Q. 生理中や、痔から出血しているときに提出しても大丈夫ですか?
A. 採便の可否や延期の扱いは、検診機関や使用するキットの案内に従ってください。ただし——すでに陽性が出てしまった場合に「生理や痔のせいだろう」と自己判断で片付けるのは別の話です。そこは精密検査について相談してください。

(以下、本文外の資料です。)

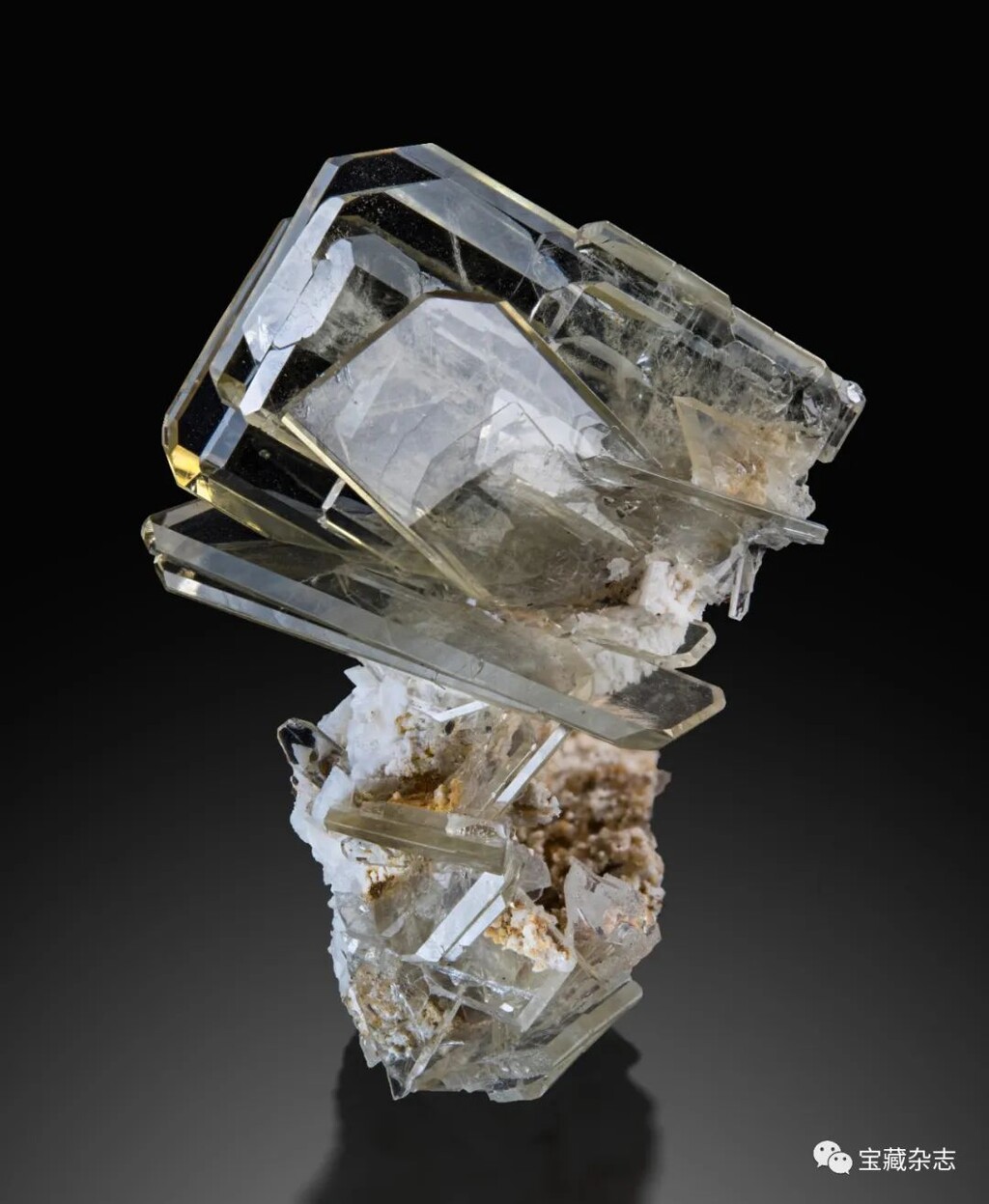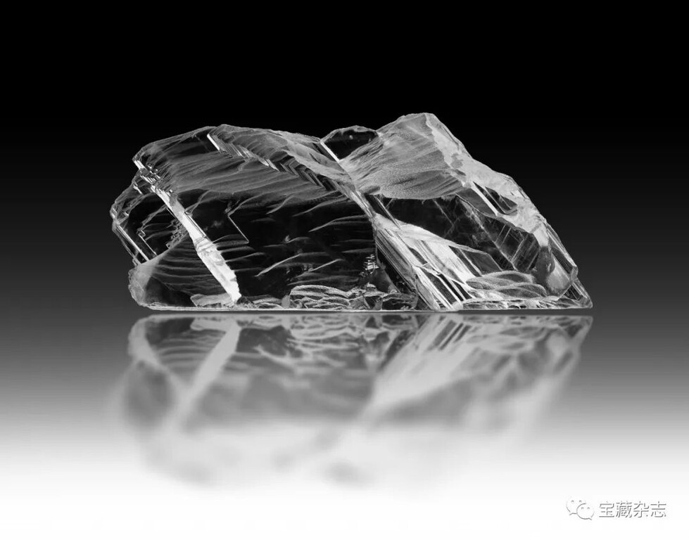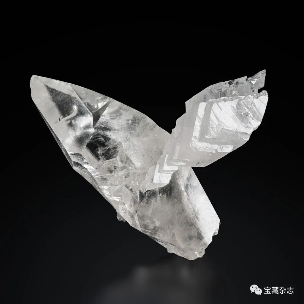 無色透明的石膏晶體,表面可見清晰的生長條紋,展現出燕尾雙晶的形貌特徵。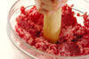 玉ネギはみじん切りにする。※5mm角位でOK。細かくし過ぎると、玉ネギから水分が出やすくなります。

Q. 便潜血を飛ばして、最初から大腸カメラを受けてはいけませんか?
A. 選択肢としてはあります。家族歴がある、症状がある、以前ポリープを指摘されたことがある——そうした場合は、はじめから大腸カメラを検討することがあります。ただし保険が使えるかどうかは受診の理由によって変わるので、事前に相談してください。
まとめ:陽性が出たら、自分で結論を出さない
便潜血陽性は、大腸がんの確定ではない。でも、原因を痔と決めつけたり、症状がないことを理由に放置したりするのは避けたい。
- 「痔があるから」は理由にならない。便潜血は、血がどこから出たかまでは教えてくれない
- 便潜血をもう一度受けても、精密検査の代わりにはならない
- 1日だけの陽性でも、精密検査の対象になる
- 「去年も陽性」は、去年放置したのか、調べて異常なしだったのかで話が変わる。後者は相談する場面
- 異常なしだったときは、「便潜血はいつから再開するか」「次のカメラは必要か」を聞いておく
陽性が出たら、自己判断で終わらせず、精密検査について相談する。まずはそれだけでいい。
「忙しいから」「怖いから」「去年も大丈夫だったから」——その言い訳が、もったいない結果につながることがある。
参考
・国立がん研究センター がん情報サービス「大腸がん検診について」「大腸がん(結腸がん・直腸がん)予防・検診」
・国立がん研究センター 院内がん登録生存率集計(2014〜2015年診断例・5年ネット・サバイバル)
・日本消化器内視鏡学会「大腸内視鏡スクリーニングとサーベイランスガイドライン」(2020年8月)
・日本消化器病学会「大腸ポリープ診療ガイドライン2020」
※本記事は一般的な情報提供であり、個別の診断・治療方針は主治医にご相談ください。